You then remove the 2 methods written earlier. You replace the calls to the 2 methods by 1 method.

Earlier:  getAllMenUSA(persons)

                 getAllWomenUSA(persons);

Now:      getAllPersonByGenderAndCitizenship(persons,gender,citizenship)

Time for review, new list, iterate, if condition, check in. Time for a long lunch break!

You are back… Of course, it is now time for a new requirement. No free lunch!

Manager: Hey, need a list of men who are above the age of 35 but citizens of Canada.

You: Silent….

You look at your getAllPersonByGenderAndCitizenhip and say, okay, hmm, let’s add a new parameter to that function and create a new method by copy, pasting and renaming the old method.

private List<Person> getAllPersonByGenderCitizenshipAge(List<Person> persons, Gender gender, Citizenship citizenship, int age)
{
List<Person> people = new ArrayList<>();
for(Person person : persons){
if(person.getGender() == gender && person.getCitizenship() == citizenship && person.getAge() > age)
{
people.add(person);
}
}
return people;
}

getAllPersonByGenderAndCitizenshipAge(persons,Gender.MALE,Citizenship.CANADA, age);

New list, iterate, if condition(s), add to new list.
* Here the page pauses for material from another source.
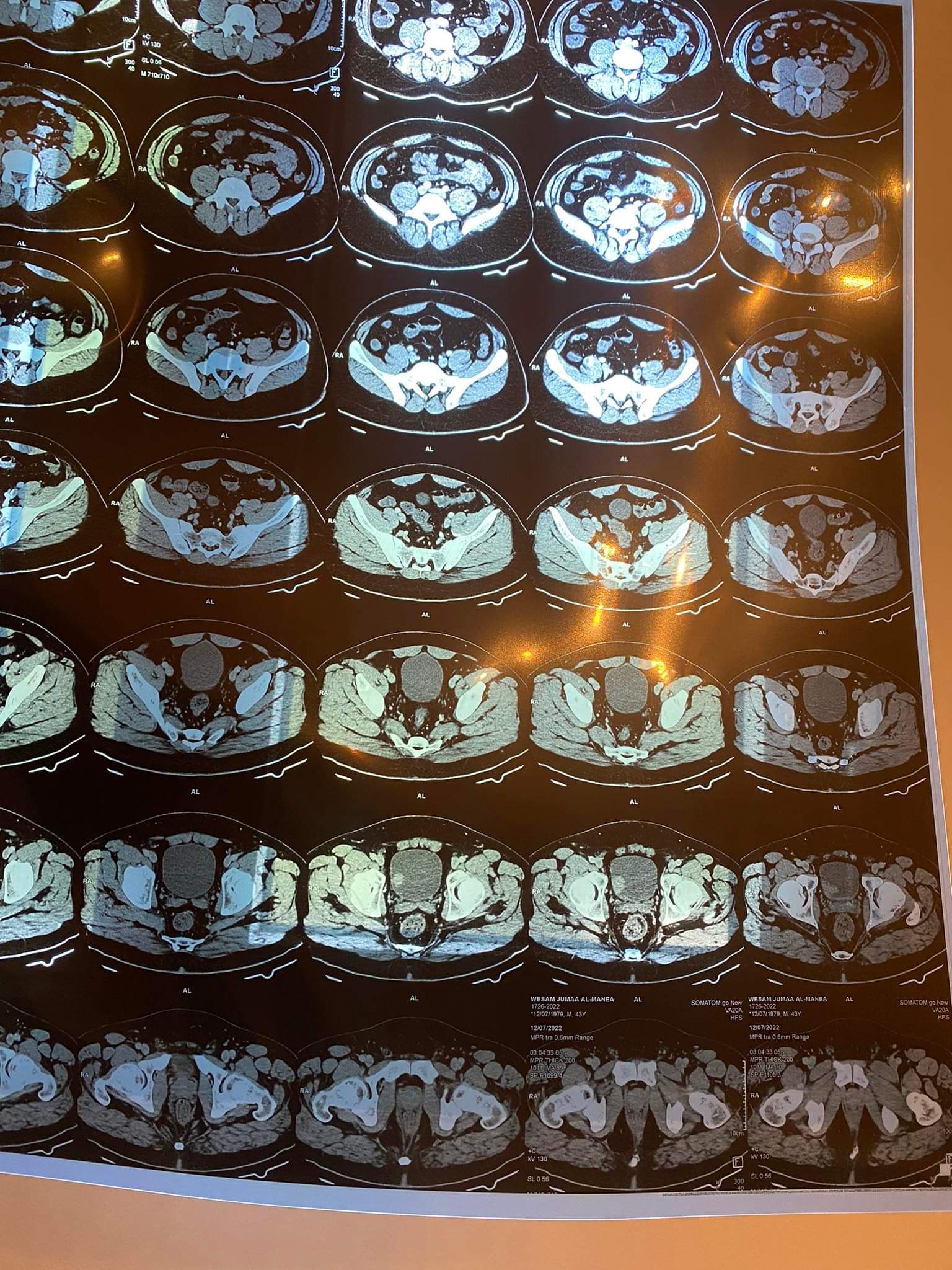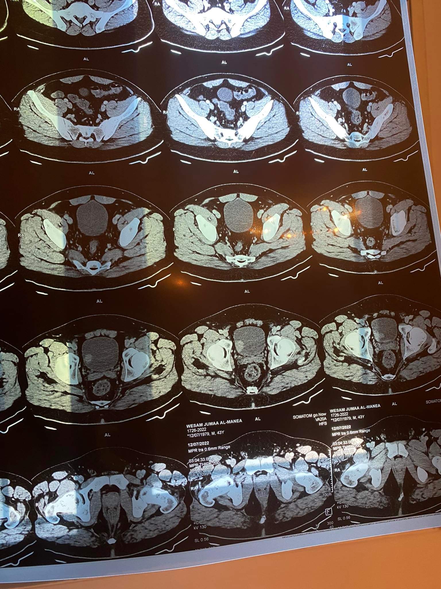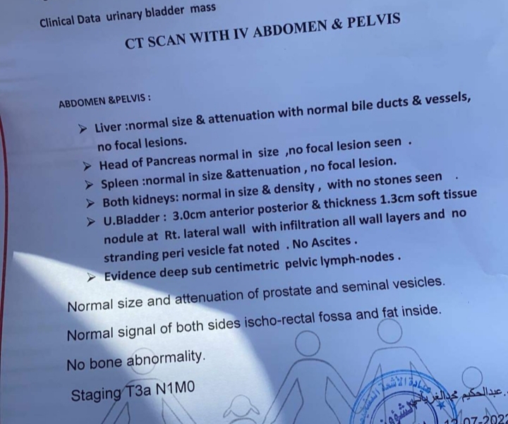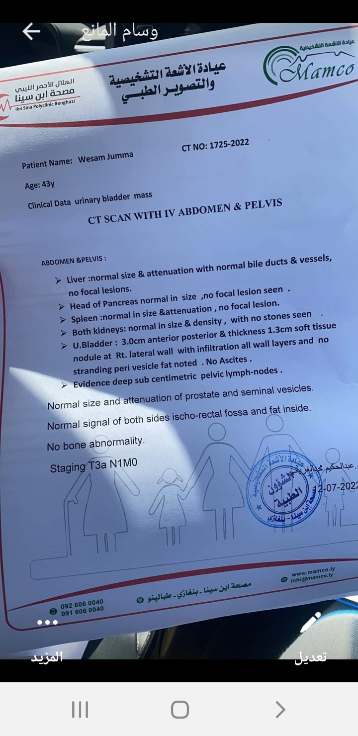 - يشير الفحص الطبي لديكم على وجود ورم في المثانة البولية بحجم 3 سم * 1.3 سم والذي يصل إلى كل الطبقات من المثانة البولية مع وجود عقد ليمفاوية .

Done! You let out a burp! Heavy lunch, a lot of coding, of course the food had to digest that quickly! Check in……This time, you get up, walk past your manager, and give him a smile. That look on your face for writing really good code!

It is 4 pm now. To kill the time, you read your code, all the methods, and realize that you are really writing the same code all over, but if one is right, they are all right and hence decide not to change anything.

Out of boredom, you then look at your colleague’s machine, he is reading about DRY – Don’t repeat yourself. You ask him what that is. He explains it you and you say oh, that’s easy. The look on your face, well, it’s as if you have been doing it since you were 5. You wonder if you can apply it your code!

Well, what the developer does not realize is the fact that even after refactoring some of the methods, these requirements can spiral out of control. There could be many more methods like:

private List<Person> getPersonByGender(List<Person> persons, Gender gender)

private List<Person> getPersonByGenderCitizenship(List<Person> persons,Gender gender, Citizenship citizenship)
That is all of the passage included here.